== Data below
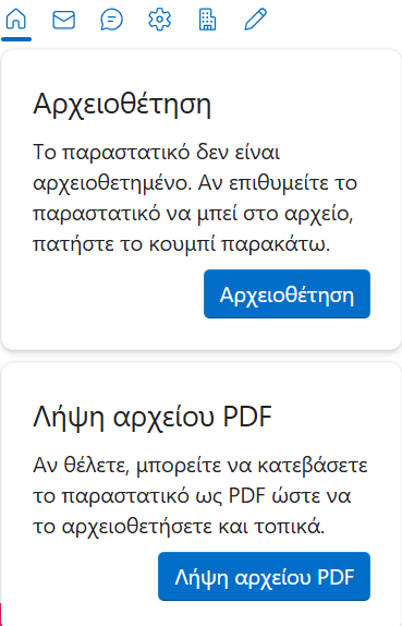 • Αρχειοθέτηση: Δυνατότητα αρχειοθέτησης παραστατικού, για ευκολία στην αναζήτηση. Χρησιμοποιείται στα φίλτρα αναζήτησης.
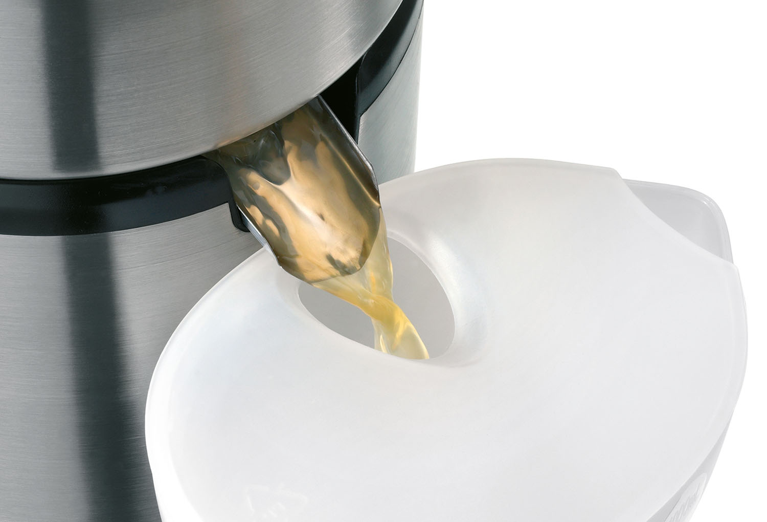 Der leistungsstarke Entsafter verarbeitet effizient mit 20.000 Umdrehungen pro Minute Gemüse oder Obst zu einem leckeren sowie mineral- und vitaminreichen Saft. Dank der spülmaschinengeeigneten Anbauteile erledigt sich die Reinigung im Handumdrehen.
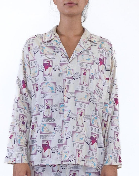1950S Reis Cotton Pin Up Girl Calendar Print Pajamas Gem
====
Without the pictures, write out every line above exactly as it appears.

 • Αρχειοθέτηση: Δυνατότητα αρχειοθέτησης παραστατικού, για ευκολία στην αναζήτηση. Χρησιμοποιείται στα φίλτρα αναζήτησης.
 Der leistungsstarke Entsafter verarbeitet effizient mit 20.000 Umdrehungen pro Minute Gemüse oder Obst zu einem leckeren sowie mineral- und vitaminreichen Saft. Dank der spülmaschinengeeigneten Anbauteile erledigt sich die Reinigung im Handumdrehen.
1950S Reis Cotton Pin Up Girl Calendar Print Pajamas Gem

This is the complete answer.